Research company Gartner has warned record companies that they will hurt only themselves by pursuing Napster, the music sharing website.
San Francisco-based District Judge Marilyn Patel last Wednesday issued a preliminary injunction against Napster, and in favour of the Recording Industry Association of America (RIAA) which sued Napster earlier this year for alleged copyright piracy.
Napster executives said that complying with Judge Patel's injunction would mean that they would have to close the service down, because it cannot filter copyrighted material from that in the public domain.
However, late on Friday a panel of two appeal judges granted Napster a stay of execution, allowing it to remain in business at least until its appeal is heard, probably in September.
Robert Labatt, research director for Gartner's ebusiness services, said: "The record industry faces the real threat of alienating the very audience they are trying to sell to. Napster technology is all about the shift in power from the recording industry to the consumer."
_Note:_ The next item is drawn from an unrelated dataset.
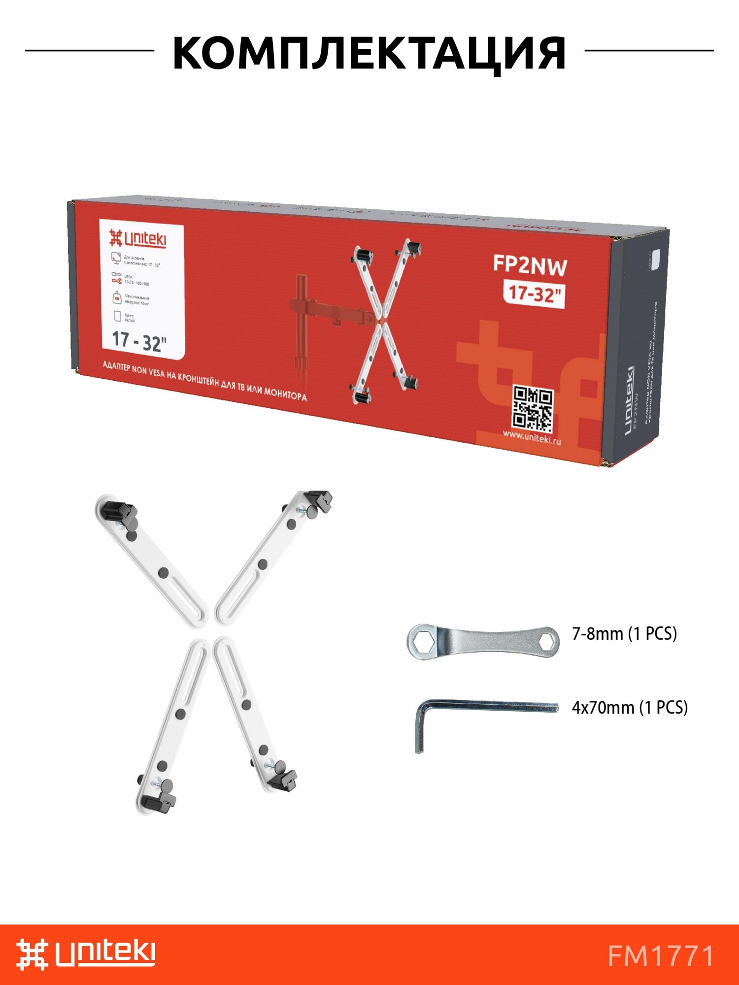 Крепление для монитора, адаптер NO VESA, NON VESA, UNITEKI FP2NW белый, диагональ 17-32 дюймов, без отверстий в тыльной части телевизора или монитора информация:

Stephen Bradley, another Gartner analyst, said: "There is no doubt that users are illegally copying music, but the record companies should be careful about what they ask for."
Bradley said record companies' "short-sighted desire" to shut down the popular Napster music site will make it nearly impossible for the industry to control the online trading of music.
With Napster potentially shut down, the record companies have no one to negotiate with as distributed trading architectures such as Gnutella have no management team, facilities or place of business, he said.
"The smartest thing the RIAA could do right now would be to temporarily stay the injunction themselves. They have finally been given a huge hammer. Now they should hold on to it, but not use it yet," Bradley added.
"The RIAA will never be in a better position than right now to drive meaningful negotiations. If they follow through with the injunction, the music downloading community will immediately move to far more anarchistic alternatives. The RIAA will have lost its leverage, but not its fundamental challenge."
At the same time, new research shows that the Napster client actually generated more data downloads than the Netscape Navigator web browser between Wednesday and Friday last week.
Users rushed to swap MP3 music files before the site threatened close down.
Research published today by internet home use monitoring firm Net Value said that Napster was responsible for more data being downloaded than Netscape Navigator and was only "a little behind" rival browser Microsoft Internet Explorer.